The entries below contain a line with "Trade Quality Automotive" and a line with "- salon z aneksem". Retype exactly everything from the first down to the second, both included, and nothing else.

◆ Extracted material
....
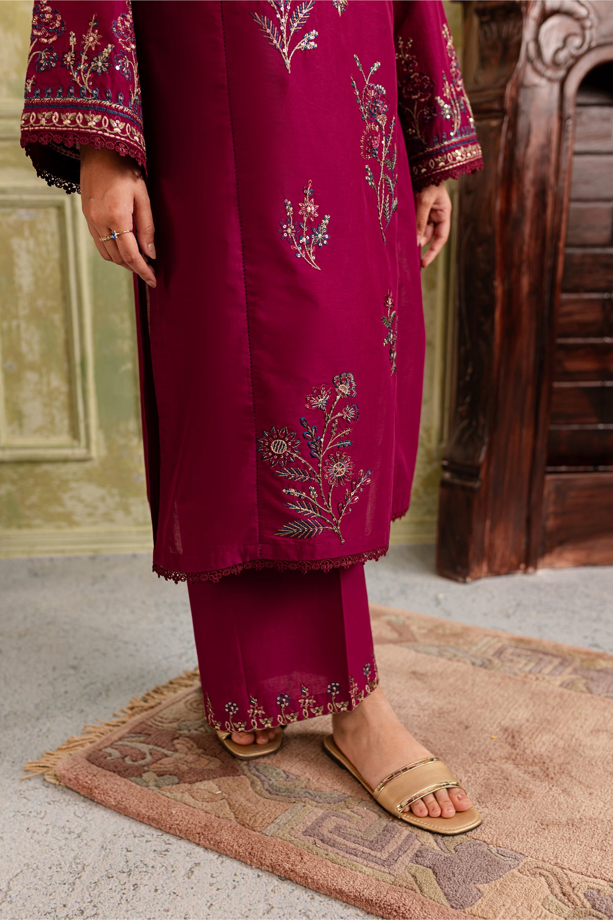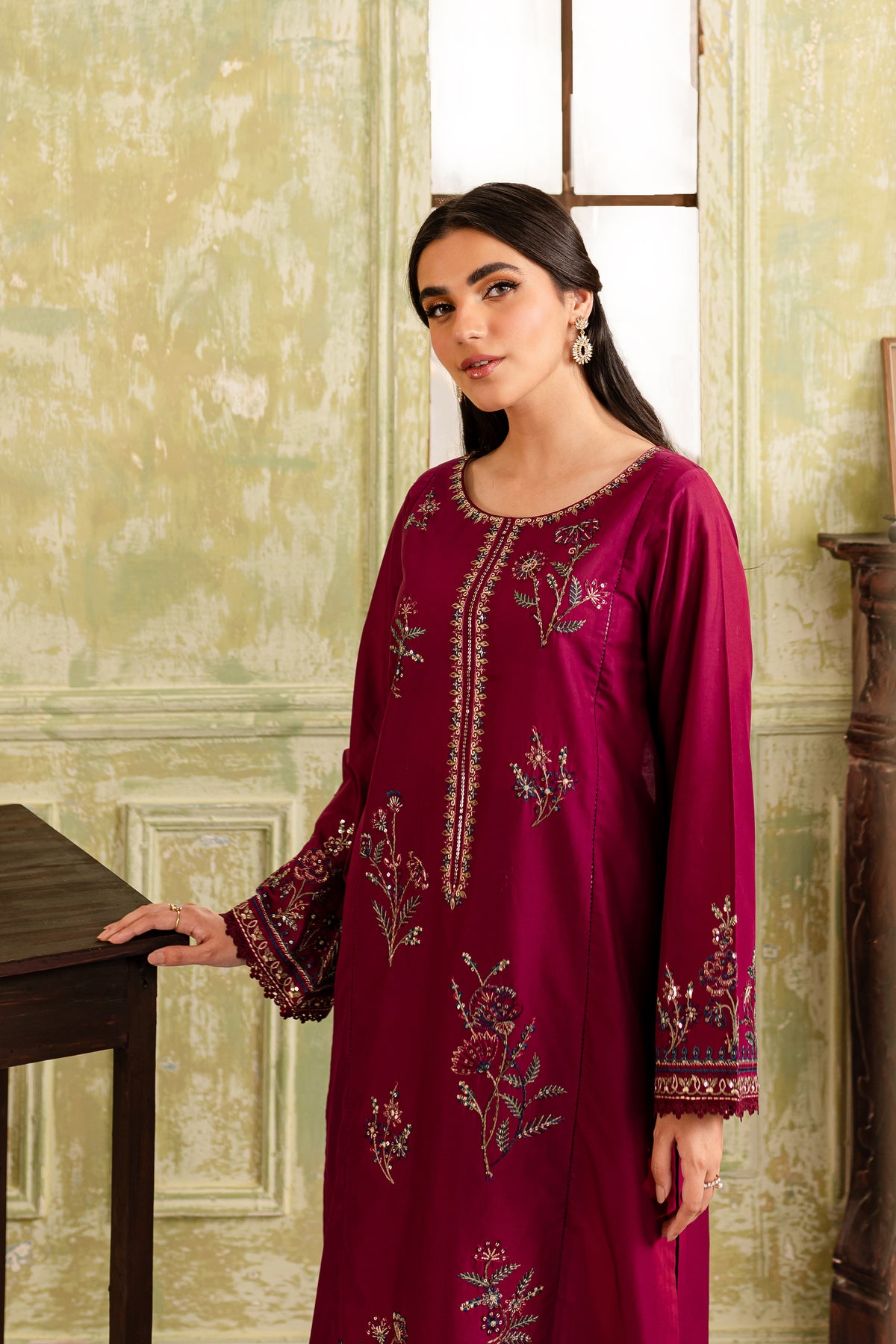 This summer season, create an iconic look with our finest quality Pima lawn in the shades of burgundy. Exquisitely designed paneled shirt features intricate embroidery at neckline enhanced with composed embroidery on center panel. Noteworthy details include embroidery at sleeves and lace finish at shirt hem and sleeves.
....
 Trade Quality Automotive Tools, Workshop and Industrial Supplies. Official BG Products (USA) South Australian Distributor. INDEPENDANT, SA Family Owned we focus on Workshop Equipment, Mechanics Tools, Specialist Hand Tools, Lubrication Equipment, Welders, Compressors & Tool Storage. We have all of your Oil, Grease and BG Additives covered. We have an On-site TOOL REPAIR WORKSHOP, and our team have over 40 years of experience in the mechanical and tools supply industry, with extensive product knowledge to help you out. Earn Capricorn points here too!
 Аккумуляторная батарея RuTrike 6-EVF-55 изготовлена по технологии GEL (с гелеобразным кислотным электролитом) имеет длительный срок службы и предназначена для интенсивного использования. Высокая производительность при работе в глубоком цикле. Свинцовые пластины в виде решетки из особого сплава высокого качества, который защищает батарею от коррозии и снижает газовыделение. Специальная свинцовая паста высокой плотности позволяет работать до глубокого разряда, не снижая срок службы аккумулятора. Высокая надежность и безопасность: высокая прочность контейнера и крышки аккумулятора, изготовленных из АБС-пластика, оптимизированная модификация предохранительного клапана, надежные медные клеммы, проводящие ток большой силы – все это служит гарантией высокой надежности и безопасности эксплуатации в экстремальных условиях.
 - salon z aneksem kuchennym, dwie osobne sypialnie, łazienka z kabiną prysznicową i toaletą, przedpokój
....
◆ Response to this task
 Trade Quality Automotive Tools, Workshop and Industrial Supplies. Official BG Products (USA) South Australian Distributor. INDEPENDANT, SA Family Owned we focus on Workshop Equipment, Mechanics Tools, Specialist Hand Tools, Lubrication Equipment, Welders, Compressors & Tool Storage. We have all of your Oil, Grease and BG Additives covered. We have an On-site TOOL REPAIR WORKSHOP, and our team have over 40 years of experience in the mechanical and tools supply industry, with extensive product knowledge to help you out. Earn Capricorn points here too!
 Аккумуляторная батарея RuTrike 6-EVF-55 изготовлена по технологии GEL (с гелеобразным кислотным электролитом) имеет длительный срок службы и предназначена для интенсивного использования. Высокая производительность при работе в глубоком цикле. Свинцовые пластины в виде решетки из особого сплава высокого качества, который защищает батарею от коррозии и снижает газовыделение. Специальная свинцовая паста высокой плотности позволяет работать до глубокого разряда, не снижая срок службы аккумулятора. Высокая надежность и безопасность: высокая прочность контейнера и крышки аккумулятора, изготовленных из АБС-пластика, оптимизированная модификация предохранительного клапана, надежные медные клеммы, проводящие ток большой силы – все это служит гарантией высокой надежности и безопасности эксплуатации в экстремальных условиях.
 - salon z aneksem kuchennym, dwie osobne sypialnie, łazienka z kabiną prysznicową i toaletą, przedpokój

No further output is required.